Il 20 maggio 2009, si è riunito il Congresso  speciale della Congregazione delle Cause dei Santi, costituito -a norma del medesimo Dicastero- dal Promotore Generale della Fede, che funge da Presidente e da altri incaricati a vario titolo- per discutere sul presunto miracolo attribuito all’intercessione della Venerabile Serva di Dio Chiara Badano, laica. Al termine del dibattito, tutti i Consultori Teologi hanno espresso un giudizio affermativo (7 su 7) ravvisando nel caso in esame un miracolo operato da Dio per intercessione della Venerabile Chiara Badano. Al momento del congedo, i Rev.mi Membri del Congresso hanno auspicato che questa esemplare giovane, possa giungere presto, se così piacerà al Santo Padre, alla desiderata Beatificazione.
 

 
 
Il 15 dicembre 2009 la suddetta relazione medica e il voto dei Consultori teologi è stato sottoposto a una “Congregazione ordinaria” di Cardinali e Vescovi che hanno approvato il voto unanime dei medici e dei teologi.
 

 

Il 19 dicembre 2009 Papa Benedetto XVI firma il Decreto di approvazione del miracolo attribuito all’intercessione della Venerabile Chiara Badano.
 

Atto a cui farà seguito il rito della Beatificazione.

 

Il 12 marzo 2010 l’annuncio della cerimonia di Beatificazione è stato diramato dalla diocesi di Acqui con il seguente comunicato:
 
"Il Vescovo della diocesi di Acqui, Mons.

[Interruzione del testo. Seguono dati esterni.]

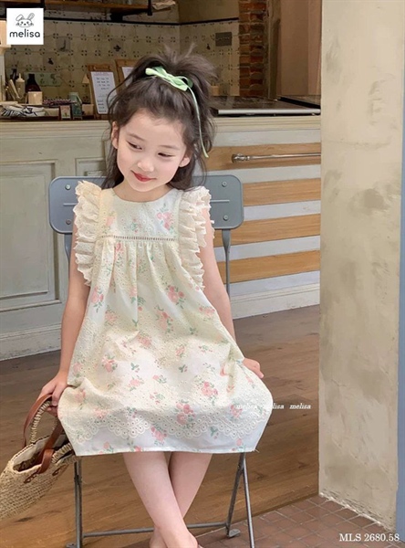 Đầm hoa thêu hoa 2 lớp cánh tiên xinh xắn MLS2680

Pier Giorgio Micchiardi, unitamente alla Postulazione della Causa di canonizzazione, annuncia la prossima Beatificazione della Venerabile Serva di Dio Chiara Badano“.

 

 

 

 

 

 

 

Sabato 25 settembre 2010, alle ore 16, ha luogo il solenne rito di Beatificazione nel santuario della Madonna del Divino Amore (Roma – Castel di Leva),
presieduto da S. Em. il Cardinale Angelo Amato, Prefetto della Congregazione delle Cause dei Santi.

 

 

 

 

 

 

 

Nel corso della celebrazione viene annunciata la data per la festa liturgica della Beata:
il 29 ottobre.

 

Nell’aula Paolo VI, alle ore 20,30 i giovani animano un incontro di festa.

 

 

 

Domenica 26 settembre 2010  nella basilica di San Paolo fuori le Mura, si celebra la Messa di ringraziamento, 
presieduta da S. Em. Card. Tarcisio Bertone, Segretario di Stato.
 
 



 

 

 

 

 

 

 

 

 

 

Ora, per giungere alla Canonizzazione, si attende da Dio il dono di un nuovo "miracolo",
ottenuto per intercessione della beata Chiara Badano.
 
Preghiamo, chiediamolo con umile fiducia e notifichiamolo alla Postulazione:
sarà un rendere lode a Dio che opera meraviglie attraverso i “piccoli”!